• _DATA PROVIDED_:
:::
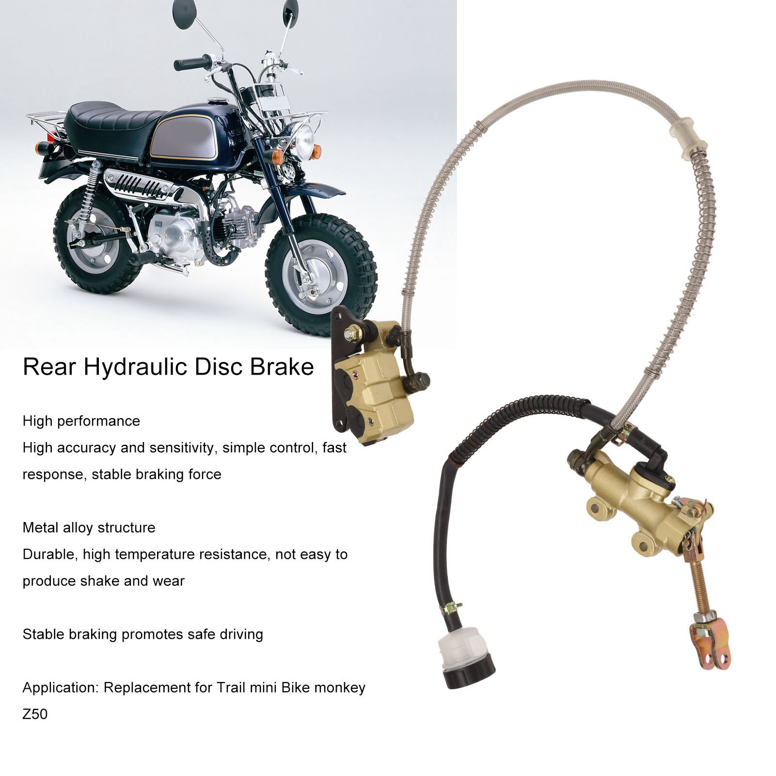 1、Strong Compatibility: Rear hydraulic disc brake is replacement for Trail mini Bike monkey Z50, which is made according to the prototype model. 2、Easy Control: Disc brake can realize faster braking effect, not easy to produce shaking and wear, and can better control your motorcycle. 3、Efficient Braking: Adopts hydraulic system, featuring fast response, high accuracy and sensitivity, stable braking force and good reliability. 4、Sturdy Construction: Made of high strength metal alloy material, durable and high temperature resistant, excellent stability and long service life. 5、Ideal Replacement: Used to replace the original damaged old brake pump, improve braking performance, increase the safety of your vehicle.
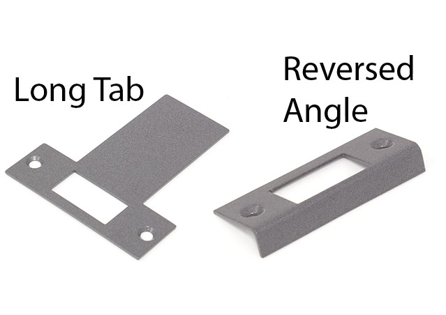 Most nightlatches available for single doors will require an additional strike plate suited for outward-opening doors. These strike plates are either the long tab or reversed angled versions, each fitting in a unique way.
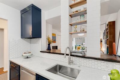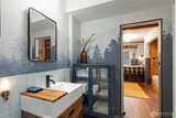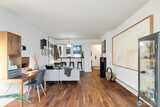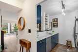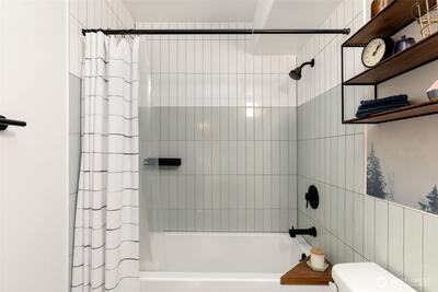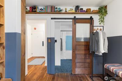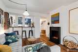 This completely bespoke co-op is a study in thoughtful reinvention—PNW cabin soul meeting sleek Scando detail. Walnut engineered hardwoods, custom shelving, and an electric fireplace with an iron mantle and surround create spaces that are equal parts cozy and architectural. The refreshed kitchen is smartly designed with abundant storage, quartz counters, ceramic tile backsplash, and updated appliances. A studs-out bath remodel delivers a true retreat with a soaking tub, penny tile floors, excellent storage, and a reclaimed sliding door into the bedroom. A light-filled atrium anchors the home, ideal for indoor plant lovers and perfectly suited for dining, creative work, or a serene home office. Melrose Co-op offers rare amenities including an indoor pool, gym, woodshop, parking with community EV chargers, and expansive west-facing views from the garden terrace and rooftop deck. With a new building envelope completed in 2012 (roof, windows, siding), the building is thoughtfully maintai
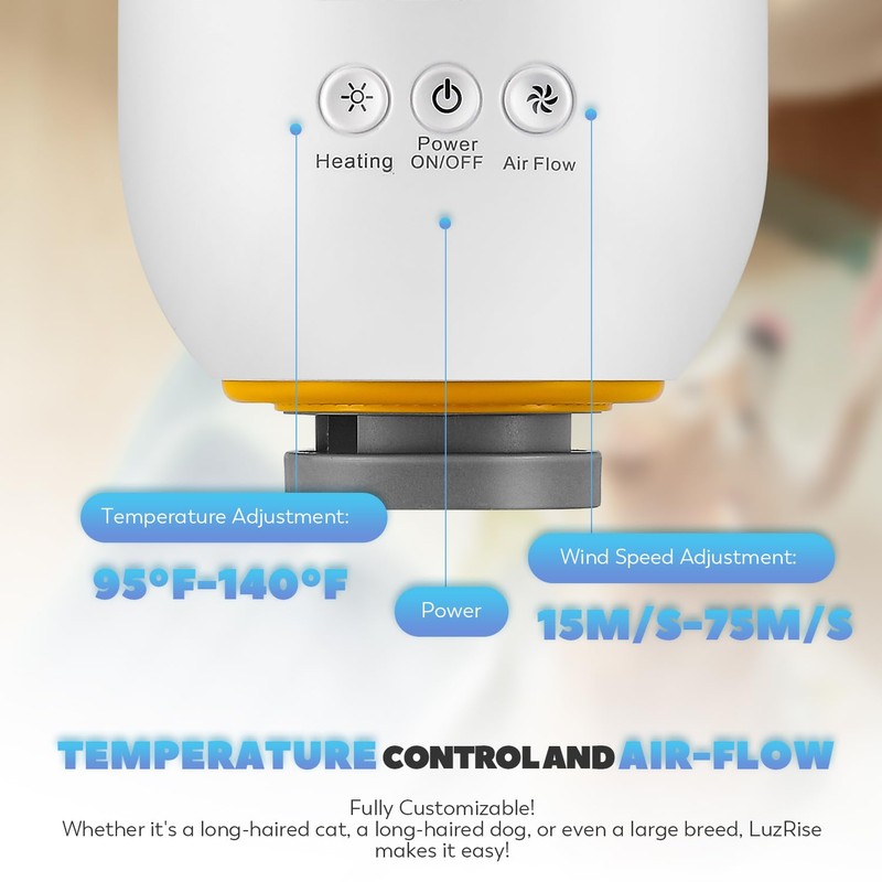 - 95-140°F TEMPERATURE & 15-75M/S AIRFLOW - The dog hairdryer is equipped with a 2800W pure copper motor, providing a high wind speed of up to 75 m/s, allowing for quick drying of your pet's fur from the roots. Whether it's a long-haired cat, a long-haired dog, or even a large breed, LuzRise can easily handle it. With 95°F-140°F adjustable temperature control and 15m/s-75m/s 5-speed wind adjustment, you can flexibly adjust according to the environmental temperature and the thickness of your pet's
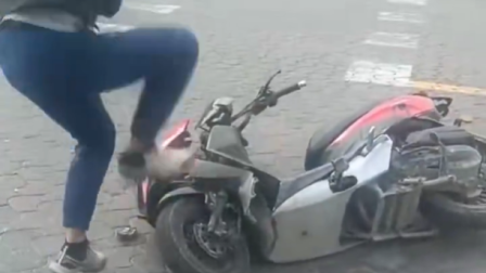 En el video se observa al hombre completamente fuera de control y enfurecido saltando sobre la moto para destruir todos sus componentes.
:::
• _TASK STATEMENT_: Write out exactly the opening lines of the data, stopping after the line that holds "Most nightlatches available". Exclude pictures.

• _ANSWER BOX_:
 1、Strong Compatibility: Rear hydraulic disc brake is replacement for Trail mini Bike monkey Z50, which is made according to the prototype model. 2、Easy Control: Disc brake can realize faster braking effect, not easy to produce shaking and wear, and can better control your motorcycle. 3、Efficient Braking: Adopts hydraulic system, featuring fast response, high accuracy and sensitivity, stable braking force and good reliability. 4、Sturdy Construction: Made of high strength metal alloy material, durable and high temperature resistant, excellent stability and long service life. 5、Ideal Replacement: Used to replace the original damaged old brake pump, improve braking performance, increase the safety of your vehicle.
 Most nightlatches available for single doors will require an additional strike plate suited for outward-opening doors. These strike plates are either the long tab or reversed angled versions, each fitting in a unique way.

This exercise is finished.